The room, of course, was not her own, but was the quarters of Dadie Rylands. Women were not admitted to King’s until 1972, so they obtained their degrees at the University of Cambridge’s two women’s colleges, Newnham, founded in 1869, and Girton, founded in 1871.

We were not able to visit the actual room that helped inspire Woolf, as it is now the accounting office for the college. Ironically, it was off limits to Woolf pilgrims, we who revere her feminist polemic about the ways the patriarchy limits women. I do admit that our group of more than two dozen would have crowded such small quarters.

Bloomsbury paintings in the hundreds

However, after viewing the Provost’s Garden, we were taken inside the nearby Provost’s Lodge. There, we were shown two first-floor rooms hung with original paintings by Bloomsbury artists Vanessa Bell, Duncan Grant, Roger Fry, and Dora Carrington.

I took plenty of photos of the paintings we saw, but publication of them — even on the internet — is not permitted without permission, and we did not want to trouble our gracious guide to obtain that.

As it turns out, hundreds of paintings by Grant and Bell are hung around the college, many of them donated by Maynard Keynes. A catalogue of the Bloomsbury art is in the works, but it will be several years before it is ready. We were told that it may be available in digital format.

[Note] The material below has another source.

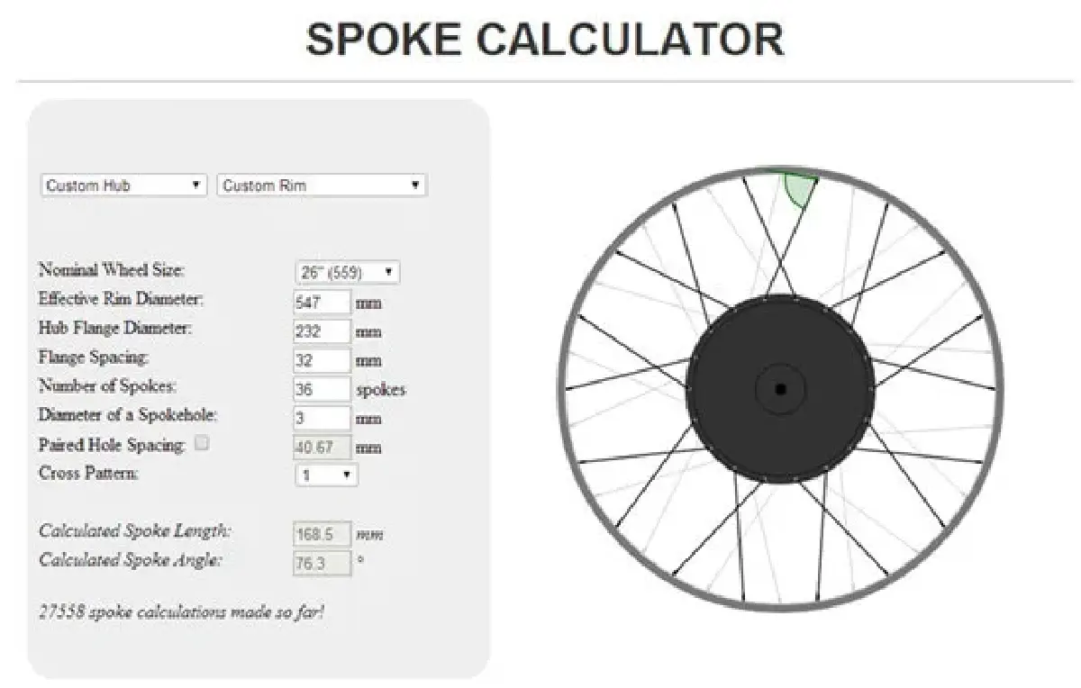 - Dynamic Calculation: Users inputs rim diameter, hub flange dimensions, and spoke count to get instant length requirements.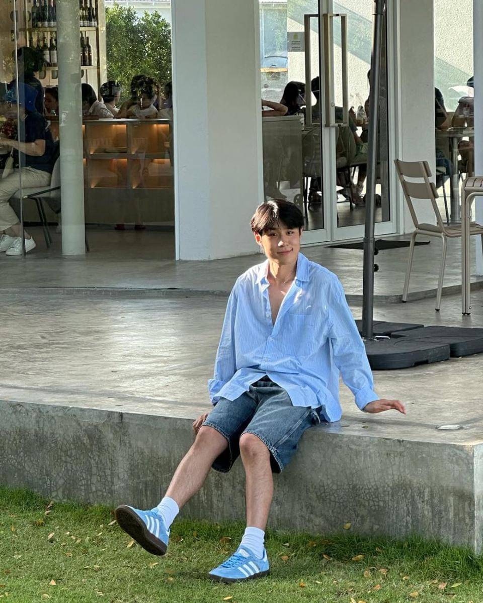 - Nut Thanat LYKN, idol Thailand, menonjolkan look streetwear-nya dengan t-shirt, kemeja, cargo jeans, dan celana jeans trendi.

Corrected and updated: 17 July 2019

Virginia Woolf wrote the first chapter of “A Room of One’s Own” in Dadie Rylands’ room at King’s College, Cambridge, which was behind the second floor window shown here.

This was part of the view Woolf would have seen from Dadie Rylands’ room at King’s College, Cambridge, where she wrote the first chapter of “A Room of One’s Own.” As our guide told us, the buildings, the lawn, and the gardens have changed little since Woolf’s day.

Woolf mentions undergraduates punting on the river in “A Room of One’s Own.” They, and tourists, still do that today on the River Cam located just beyond the lawn pictured above.

In the Provost’s Garden at King’s College, Cambridge, a private place we viewed on our tour.

A flower bed in the Provost’s Garden, with a pot of colorful sweet peas growing up a trellis.

Giant magnolias from the U.S. frame a doorway in the Provost’s Garden.

Sun-kissed floral closeup in the Provost’s Garden.

The Wine Room in the Provost’s Lodge is filled with paintings by members of the Bloomsbury Group. It is often used now as a seminar room. The 23 students in our group snapped lots of photos of the art.